I can't say this often enough: I'm not wild about any parts of this scenario. There's a piece of me that would love to see Ben come back and do great. And address a lot of the things that, particularly in the second half of this past season, went wrong for him. I think that'd be a ton of fun for everyone to watch, for me to cover, for the Steelers themselves to enjoy and reap all the benefits from ... that'd be great. It'd be a great, great script.
I don't see it, I don't feel it, and I don't find that to be a plausible thing. After everything that we just watched. And as a result, this whole process feels like trying to make the best out of an unwanted or an unwelcome situation. I'd like to keep together this defense. And I'd like to see the offense get rebuilt, in some form, not quite from scratch. Because you'll still have most of those really good young receivers, you'll have some pretty good young parts on that offensive line. And, you know, you'll have another quarterback that like ... even talking like this, it feels like if I do it, it feels like it's disingenuous. You know, like, I'm talking to you about something that I know isn't likely to happen. But you can do both. You can say on one hand what you think will happen, but also which way you're feeling about it.

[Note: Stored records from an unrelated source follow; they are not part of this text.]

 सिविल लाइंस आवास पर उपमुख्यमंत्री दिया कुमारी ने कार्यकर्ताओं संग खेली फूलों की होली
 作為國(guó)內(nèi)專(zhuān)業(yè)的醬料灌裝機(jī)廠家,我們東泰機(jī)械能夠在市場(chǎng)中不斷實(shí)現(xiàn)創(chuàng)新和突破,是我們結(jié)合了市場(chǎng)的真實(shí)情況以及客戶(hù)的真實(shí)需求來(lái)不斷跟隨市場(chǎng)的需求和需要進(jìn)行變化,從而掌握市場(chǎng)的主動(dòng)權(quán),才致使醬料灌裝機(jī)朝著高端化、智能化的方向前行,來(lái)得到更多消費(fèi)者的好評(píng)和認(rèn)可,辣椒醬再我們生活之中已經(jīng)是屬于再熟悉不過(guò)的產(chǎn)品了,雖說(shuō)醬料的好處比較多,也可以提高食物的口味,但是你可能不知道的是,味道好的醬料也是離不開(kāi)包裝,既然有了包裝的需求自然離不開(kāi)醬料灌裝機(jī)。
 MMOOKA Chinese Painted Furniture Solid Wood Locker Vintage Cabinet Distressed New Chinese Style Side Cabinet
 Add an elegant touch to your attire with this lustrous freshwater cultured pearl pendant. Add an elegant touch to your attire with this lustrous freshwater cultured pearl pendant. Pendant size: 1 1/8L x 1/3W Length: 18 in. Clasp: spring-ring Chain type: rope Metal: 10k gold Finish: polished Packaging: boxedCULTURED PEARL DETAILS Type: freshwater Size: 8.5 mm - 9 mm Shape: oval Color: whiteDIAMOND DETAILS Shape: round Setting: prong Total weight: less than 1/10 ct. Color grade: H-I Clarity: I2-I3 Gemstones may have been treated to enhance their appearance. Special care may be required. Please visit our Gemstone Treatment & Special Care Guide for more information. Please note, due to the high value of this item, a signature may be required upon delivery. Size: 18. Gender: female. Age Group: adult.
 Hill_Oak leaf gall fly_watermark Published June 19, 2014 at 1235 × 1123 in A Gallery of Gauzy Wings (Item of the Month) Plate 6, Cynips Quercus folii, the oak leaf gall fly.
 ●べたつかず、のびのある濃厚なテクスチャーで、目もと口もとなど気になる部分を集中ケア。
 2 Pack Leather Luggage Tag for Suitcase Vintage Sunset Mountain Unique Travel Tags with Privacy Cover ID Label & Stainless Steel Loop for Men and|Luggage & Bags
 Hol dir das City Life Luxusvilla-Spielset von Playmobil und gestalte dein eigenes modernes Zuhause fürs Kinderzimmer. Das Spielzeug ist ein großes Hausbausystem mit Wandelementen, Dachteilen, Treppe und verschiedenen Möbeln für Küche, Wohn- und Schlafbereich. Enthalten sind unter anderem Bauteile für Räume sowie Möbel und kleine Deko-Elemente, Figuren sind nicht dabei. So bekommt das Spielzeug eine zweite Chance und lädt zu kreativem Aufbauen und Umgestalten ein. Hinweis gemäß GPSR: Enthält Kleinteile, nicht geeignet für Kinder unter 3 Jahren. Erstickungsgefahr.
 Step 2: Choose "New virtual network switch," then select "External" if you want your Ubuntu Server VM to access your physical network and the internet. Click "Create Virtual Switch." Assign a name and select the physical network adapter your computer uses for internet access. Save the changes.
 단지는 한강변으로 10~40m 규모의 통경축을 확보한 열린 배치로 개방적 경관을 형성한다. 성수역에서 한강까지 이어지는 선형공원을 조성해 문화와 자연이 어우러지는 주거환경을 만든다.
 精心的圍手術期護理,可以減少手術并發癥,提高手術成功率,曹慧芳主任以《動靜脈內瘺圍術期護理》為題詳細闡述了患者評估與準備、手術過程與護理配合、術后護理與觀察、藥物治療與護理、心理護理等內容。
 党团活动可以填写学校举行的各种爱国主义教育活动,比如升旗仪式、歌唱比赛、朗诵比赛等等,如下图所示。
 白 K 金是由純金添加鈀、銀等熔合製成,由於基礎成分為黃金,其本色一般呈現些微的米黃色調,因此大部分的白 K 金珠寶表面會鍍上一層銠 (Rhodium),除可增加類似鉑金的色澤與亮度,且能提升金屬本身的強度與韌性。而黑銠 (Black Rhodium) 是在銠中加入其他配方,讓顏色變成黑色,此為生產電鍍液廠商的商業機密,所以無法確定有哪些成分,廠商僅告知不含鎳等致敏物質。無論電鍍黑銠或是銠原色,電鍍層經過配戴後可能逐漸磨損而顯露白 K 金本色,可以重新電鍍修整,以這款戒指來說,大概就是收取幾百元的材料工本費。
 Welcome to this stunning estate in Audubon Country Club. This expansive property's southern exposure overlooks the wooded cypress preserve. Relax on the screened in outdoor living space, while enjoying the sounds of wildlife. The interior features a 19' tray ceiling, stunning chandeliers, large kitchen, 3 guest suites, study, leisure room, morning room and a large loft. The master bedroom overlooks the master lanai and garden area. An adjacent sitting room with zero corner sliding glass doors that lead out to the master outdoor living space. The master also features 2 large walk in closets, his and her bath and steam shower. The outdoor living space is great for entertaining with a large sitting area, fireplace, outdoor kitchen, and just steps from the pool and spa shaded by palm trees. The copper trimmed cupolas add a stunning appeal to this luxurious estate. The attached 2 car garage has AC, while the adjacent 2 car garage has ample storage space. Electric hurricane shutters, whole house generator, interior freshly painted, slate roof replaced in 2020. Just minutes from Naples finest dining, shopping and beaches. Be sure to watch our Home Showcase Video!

I'm looking around the NFL right now and, despite the promising start that Ben had to his 2020 season, where he was really efficient -- and remember, a lot of people and I've mentioned it myself were talking about him as a potential MVP candidate if he'd kept it up -- he didn't. And that's because defenses figured out that all he was doing was throwing short, he was taking the safe option 99% of the time. And once they got wise to that and once they started moving everybody up to the line of scrimmage and there was no Plan B, it all went kablooey. No, I don't look at this as think, 'Yeah, this is eminently fixable.'
At the same time, you've got to deal with reality. And reality is that the Steelers have for a very, very long time felt beholden, felt obligated to Ben. And other than Rooney throwing that one little hint out there, there's been scant signs of that changing.